━━ Given material

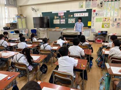 7月1日(火)5時間目、1年1組は栄養指導でした。じゃがいもは何色の食べ物かを調べていました。3色の栄養素についての学習をしていました。
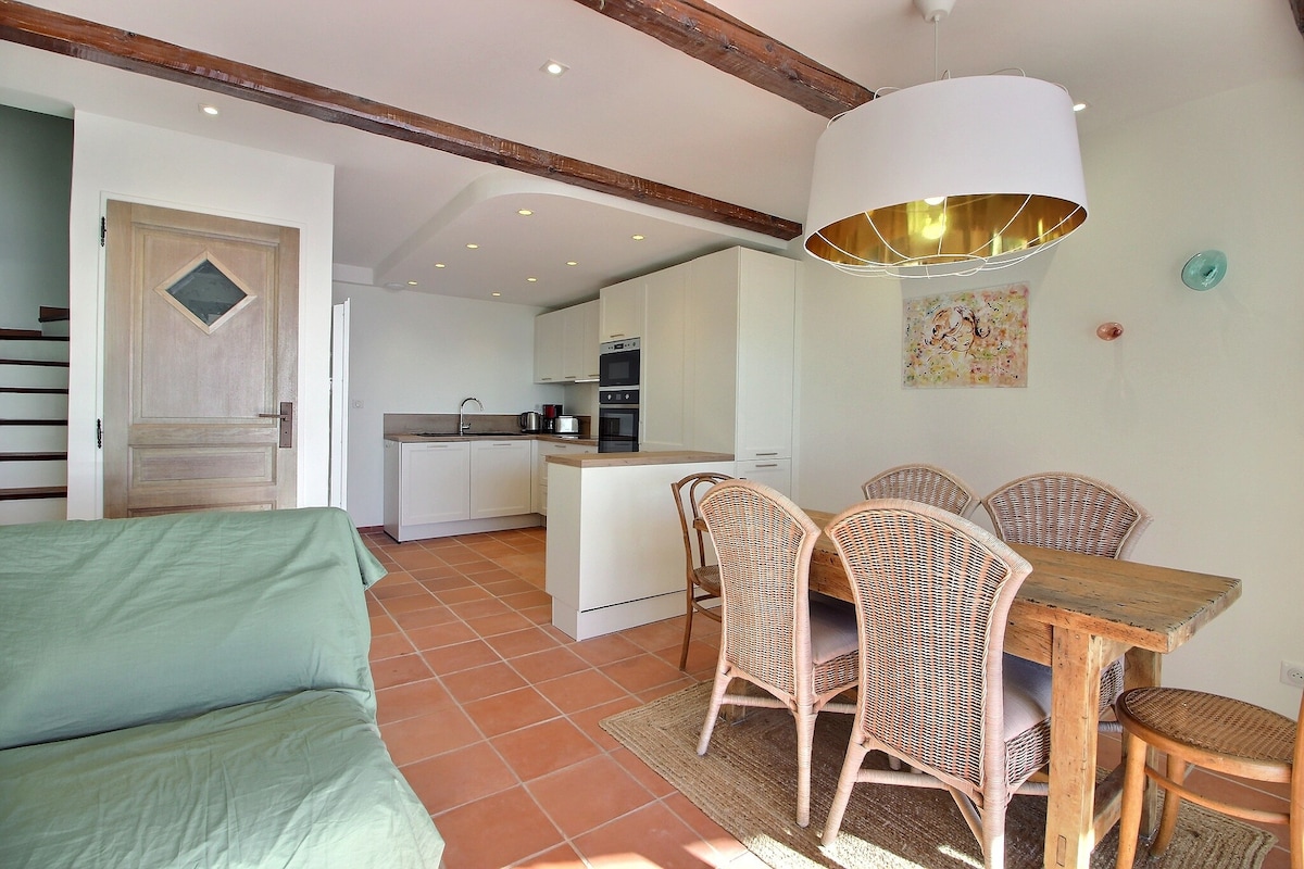 Terletak di tengah-tengah kampung Théoule sur Mer. Anda akan berjalan kaki 5 minit dari pantai berpasir, 30 minit dari lapangan terbang Nice, 10 minit dari stesen kereta api Théoule sncf, 30 minit dari bandar Saint Raphaël dan 15 minit dari Cannes. Apartmen ini telah diperbaharui sepenuhnya. Mempunyai keluasan 53m ² dengan bilik tidur dan bilik mandi berasingan. Apartmen ini lengkap, berhawa dingin dan mempunyai akses WiFi (fiber optic). Tetamu juga boleh menikmati teres persendirian dan ruang letak kereta persendirian.
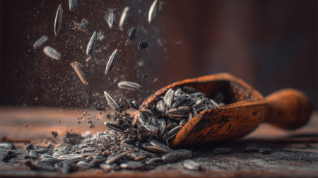 A stunning close-up of sunflower seeds pouring from a wooden scoop onto a rustic table, capturing the essence of nature's bounty in a beautifully textured setting.

━━━━

_Task instructions_.
When you output the listing, reproduce it exactly but drop its pictures.

_Solved exercise_.
 7月1日(火)5時間目、1年1組は栄養指導でした。じゃがいもは何色の食べ物かを調べていました。3色の栄養素についての学習をしていました。
 Terletak di tengah-tengah kampung Théoule sur Mer. Anda akan berjalan kaki 5 minit dari pantai berpasir, 30 minit dari lapangan terbang Nice, 10 minit dari stesen kereta api Théoule sncf, 30 minit dari bandar Saint Raphaël dan 15 minit dari Cannes. Apartmen ini telah diperbaharui sepenuhnya. Mempunyai keluasan 53m ² dengan bilik tidur dan bilik mandi berasingan. Apartmen ini lengkap, berhawa dingin dan mempunyai akses WiFi (fiber optic). Tetamu juga boleh menikmati teres persendirian dan ruang letak kereta persendirian.
 A stunning close-up of sunflower seeds pouring from a wooden scoop onto a rustic table, capturing the essence of nature's bounty in a beautifully textured setting.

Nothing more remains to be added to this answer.